There is a curious anecdote afloat concerning the effect of this movement on the composer himself. On one occasion, when playing the nearly completed work, his nervous organism enfeebled by illness and his imagination intensely excited by the fever-glow of composition, he was seized by a peculiar hallucination. He fancied that a band of the knights he had been attempting to portray, came riding in from the gloom of the outer night, in through the opening walls of his apartment, arrayed in their antique war panoply, horse and rider just as they might have arisen from their century-old graves in Poland. He was so overcome by this self-invoked apparition that he actually fled from the room, and it was some days before he could be induced to re-enter it or resume work on the mighty polonaise.
Immediately following the great octave climax referred to is a subdued, vague, fearsome little passage in light running figures, totally foreign in movement, mood, and even key to the remainder of the work, for which we would be at a loss to account if unacquainted with the circumstances narrated, but which, with the light just thrown upon it, is readily understood. The author seems to have lost for the time the thread of the composition, to have drifted far from its martial mood and swinging rhythm, but after a period of groping indecision, through which we hear the trepidation and reluctant fascination with which he again approaches this monster of his own creation, with a sudden boldness of attack he regains the clew, resumes with energy the march movement, and the work sweeps to its close with even more than its original power and splendor.
Chopin: Impromptu in A Flat, Op. 29
Light, graceful, dainty, capricious, full of playful tenderness and delicate fancy is this little work, written for and presented as a wedding gift to one of his favorite pupils, La Comtesse de Lobau, to whom it is dedicated. The first movement embodies the joyous, hopeful, congratulatory spirit of the occasion, expressed with all that refined elegance and polished perfection of style of which Chopin was so preëminently the master, both in music and language. It is the most unqualifiedly optimistic strain from his pen with which I am acquainted.

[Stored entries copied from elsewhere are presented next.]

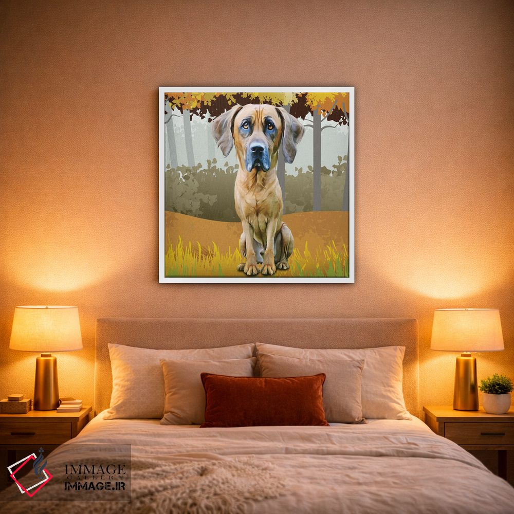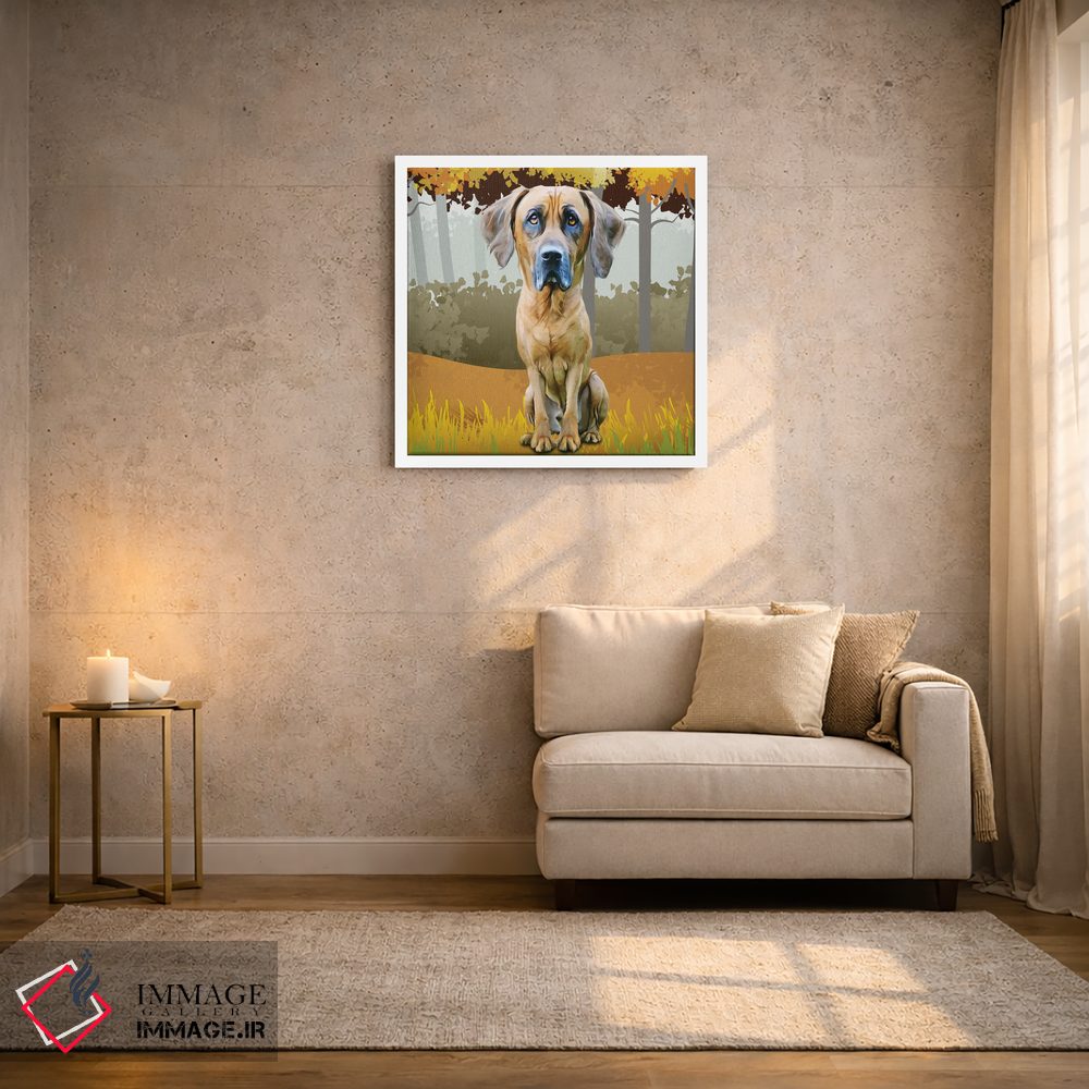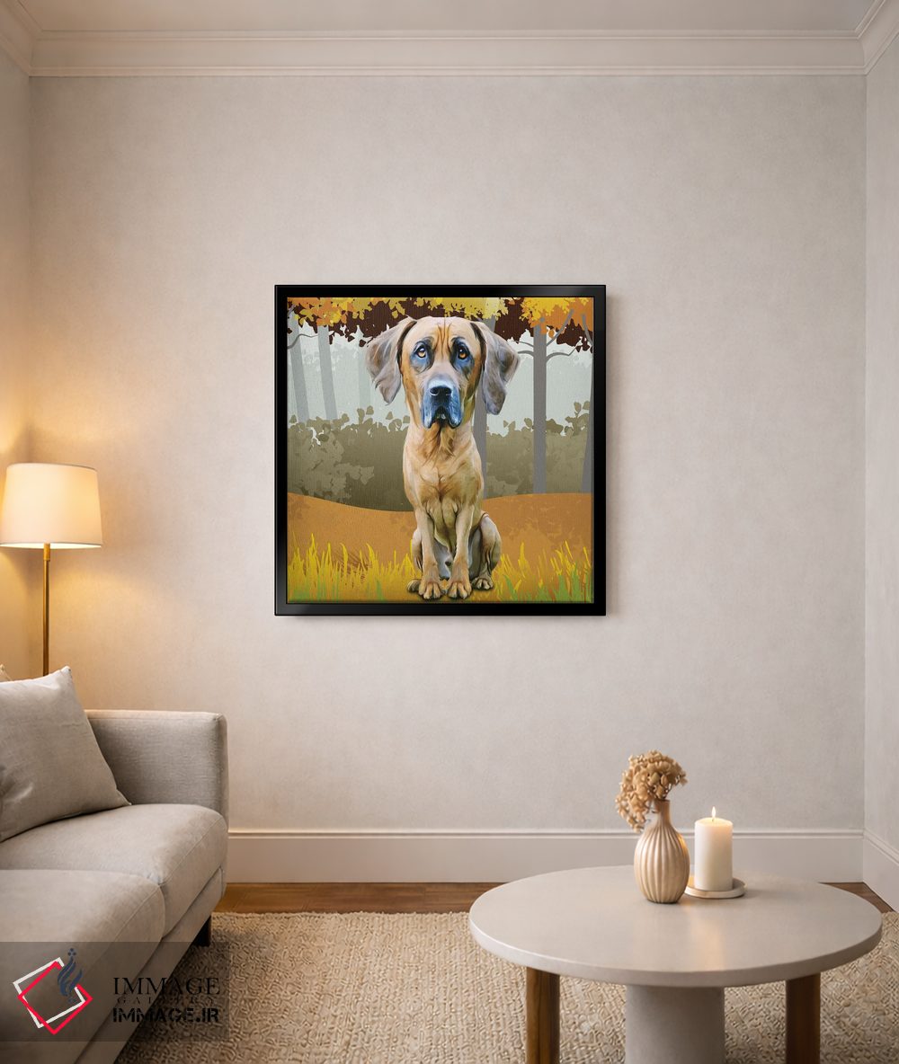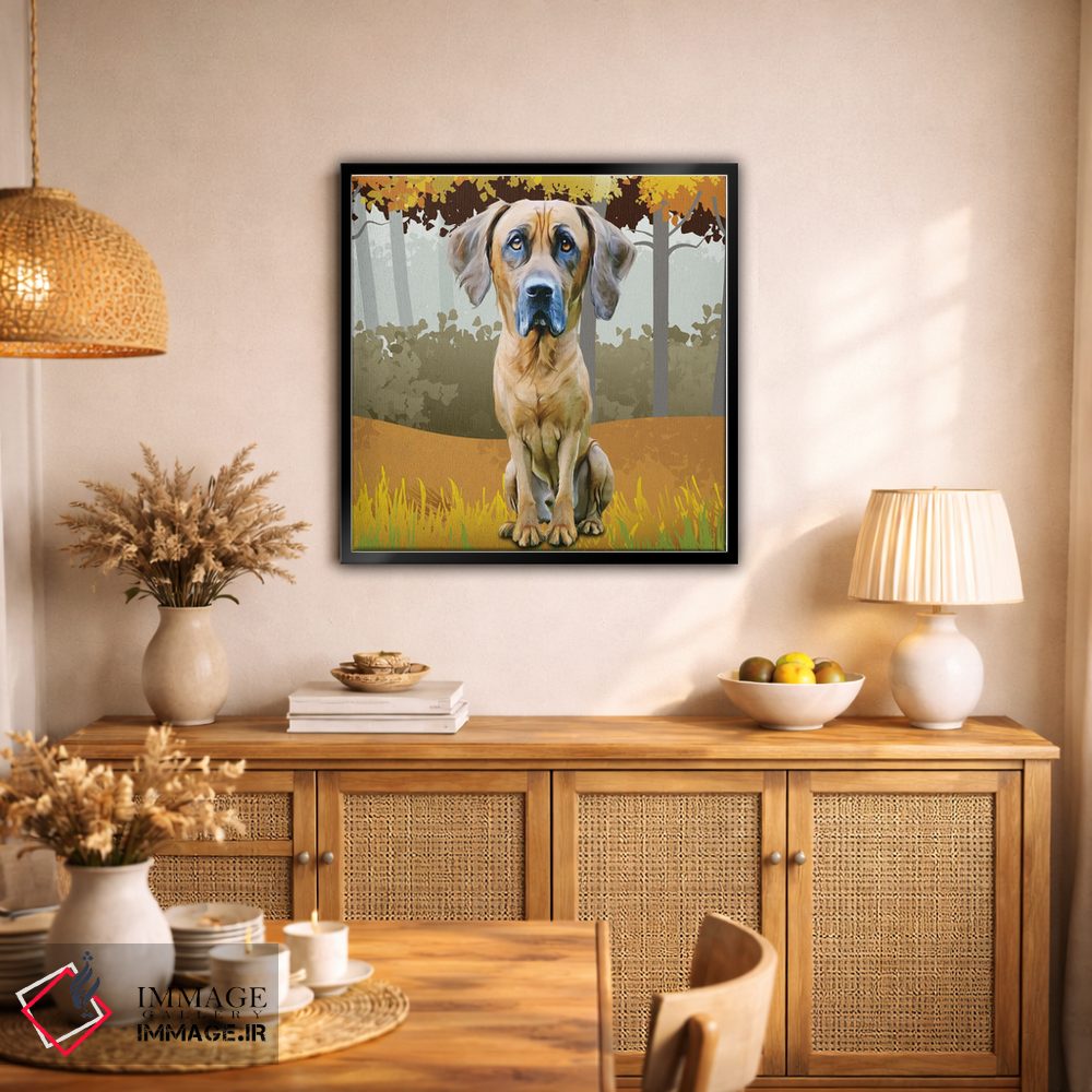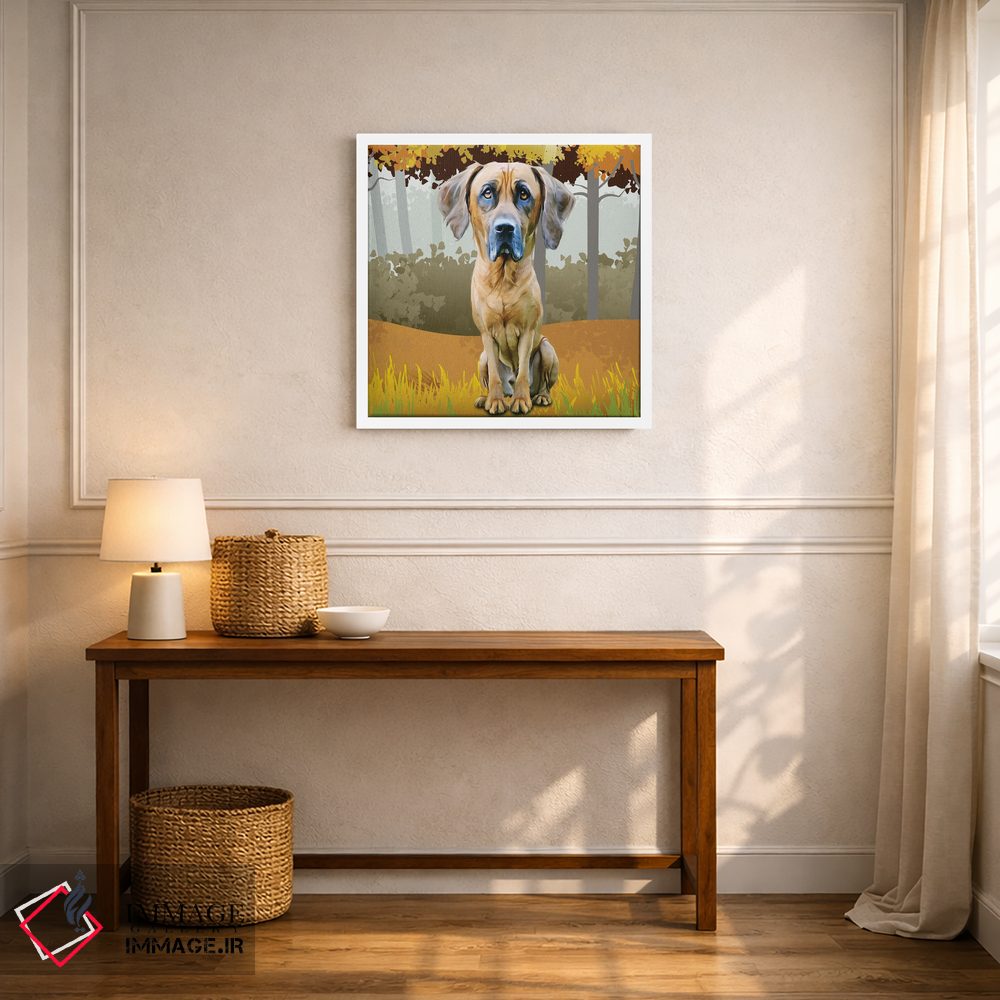 تابلو دکوراتیو سگ شکاری در جنگل اثر کیم کورینگا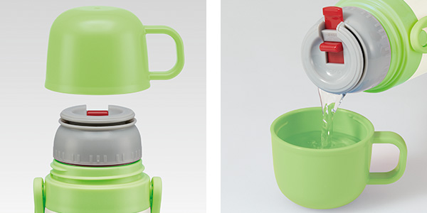 小さなお子様でも飲みやすいコップタイプ蓋と中栓を付けると、コップ飲みの水筒になります。温かい飲み物や冷たい飲み物にもご使用いただけます。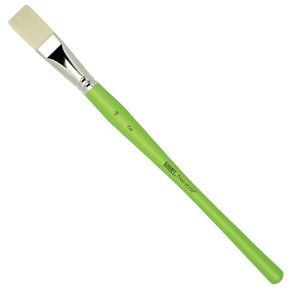 A professional long-handled brush with a rectangular, square-ended bristle for bold strokes and chisel-like lines. Sustainable nylon filaments have the ideal spring and snap for acrylic media, while the weighted handle is ergonomically designed for balance and comfort.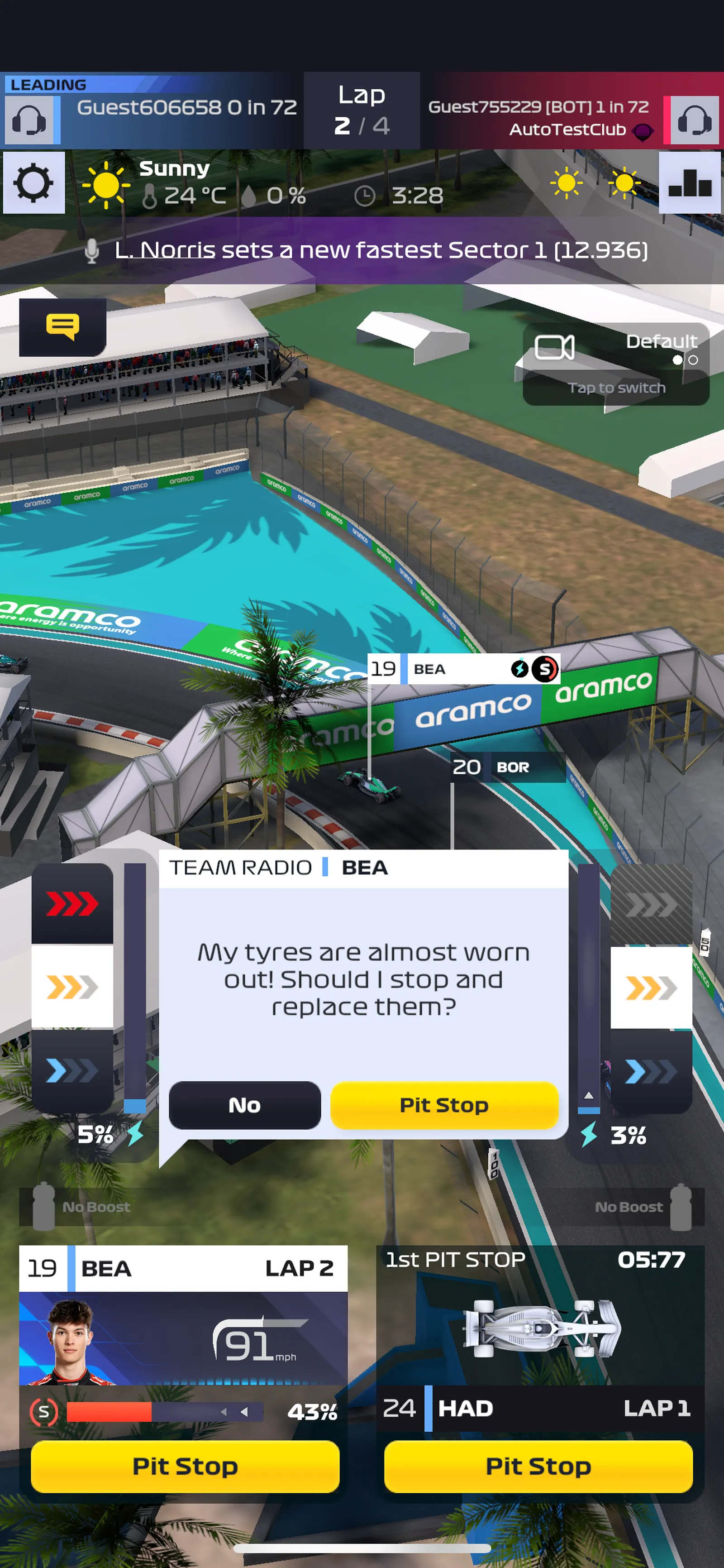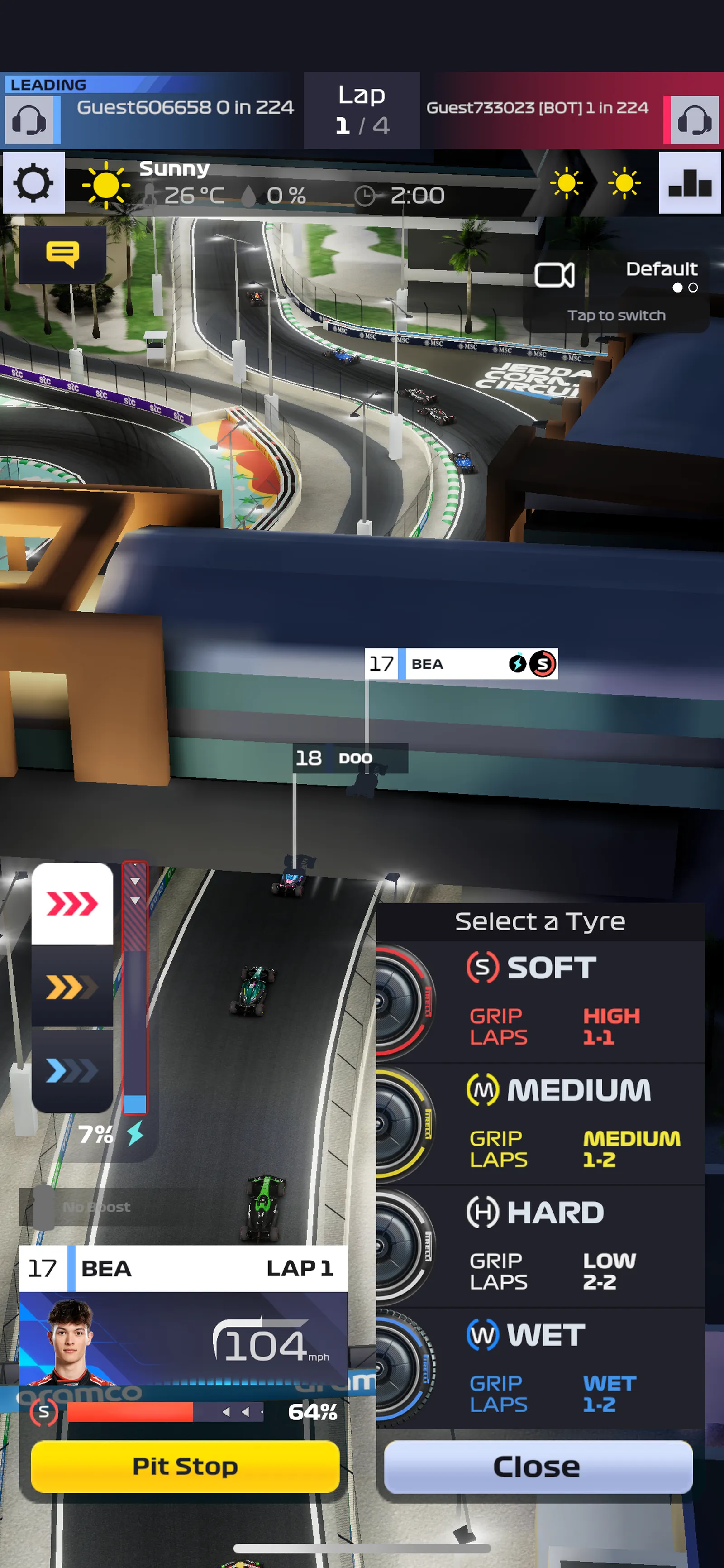 Switch between engine modes depending on your tyre wear and Power Unit bar to optimise your performance on track!

The trio, in F minor, brings a touch of half-veiled sadness and irrepressible regret, as if called forth by the thought that their art work together is now to end. She has been for years one of his most talented, diligent, and interesting students. She is, like himself, a Polish exile in a foreign land, and their community of sympathies and sorrows, combined with her charming personality and congenial temperament, have tended to merge the relations of teacher and pupil into the closer bonds of a life-long friendship. He is naturally reluctant to lose her, but this mood of depression is soon subordinated to the thought that she has found the philosopher’s stone, the fabled blue flower of the German poets, the subtile, yet supreme panacea for all human ills—love. This idea is expressed in the last half of the trio as only Chopin could express it; and the work ends with a repetition of the first strain, brightly, happily, with a certain restful completeness of fulfilled desire in the reiterated closing chords.